Upon our arrival on campus, the other college students and I noticed that the perimeter was completely surrounded by 15-foot high fences topped with barbed-wire. We asked David about the fences, and he explained that they were necessary to protect the children.

When they first began the school, men from their villages came to take the girls back by force so that they could still have devadasis. The men threatened David and the employees. They did not manage to scale the fences, but they did not leave without terrifying the children or the staff.

When asked how he and the staff were able to keep going in such conditions, how they were able to face the threat that these men posed, or how they could tirelessly resist the opposition of their neighbors or other people in the city who did not want a school that brought such dangers with it in their neighborhood, David responded, “Much of what we do here is risky, but we do it to affirm life.

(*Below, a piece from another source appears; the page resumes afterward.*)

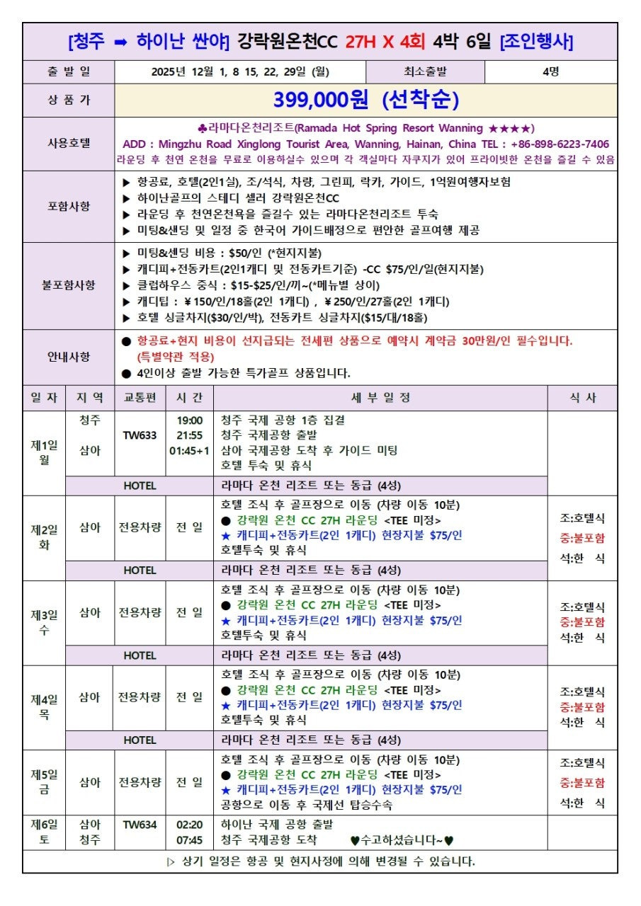 #하이난골프여행 #싼야날씨 #청주출발해외골프 #강락원온천CC #라마다리조트 #해피투어 #이지숙실장 #399특가 #겨울해외골프추천 #중국골프 #하이난온천 #가성비해외여행 #청주여행사

My Lord, Jesus, suffers with and among people, and so will I.”

If we are truly to follow Jesus down the mountain and into the valley where the cross is, then we will enter into the suffering and pain of others, and it will involve risk.

We may never bear the kind of risk that David does, nor will we likely be stoned to death or crucified like the disciples, but make no mistake: if we enter into the suffering of others, if we dwell with them, listen to them rather than try to fix them our way, if we open ourselves to feeling their pain, then it will be difficult. We will not be left unscathed.

We are not strangers to suffering or injustice.

We know that there is poverty, abuse, and discrimination in our own society; it is not unique to India. We know the stories of loss in our own lives—the suffering friends, the chronic illness, the change from the way that life used to be,  the death of a loved one, the job that has ended, the relationship that seems beyond the point of healing.

The question before us is this: will we risk the price of going down into these valleys with Jesus, of following him into this suffering? Will we hold onto our fear, or will we trust that the Triune God has something to say and something to do in the valley? Will we avoid these places of pain in our lives and the lives of those around us, or will we go where we have been sent?

David was sent to the children trapped in the devadasi system, but if you ask him, he will tell you that they were sent to him, for they have taught him to forgive and to love like Christ. It has not been without costs, but now there is freedom where there was slavery, joy where there was fear, healing where there was pain, and hope and a future where there was only death.

Will the journey ahead of us be easy? No.

Safe? Probably not.

But will we encounter the Triune God bringing healing, transformation, and life? Most definitely.

God the Father has claimed you. Christ is with you. The Holy Spirit is transforming you. So get up, Beloved, go, and do not be afraid.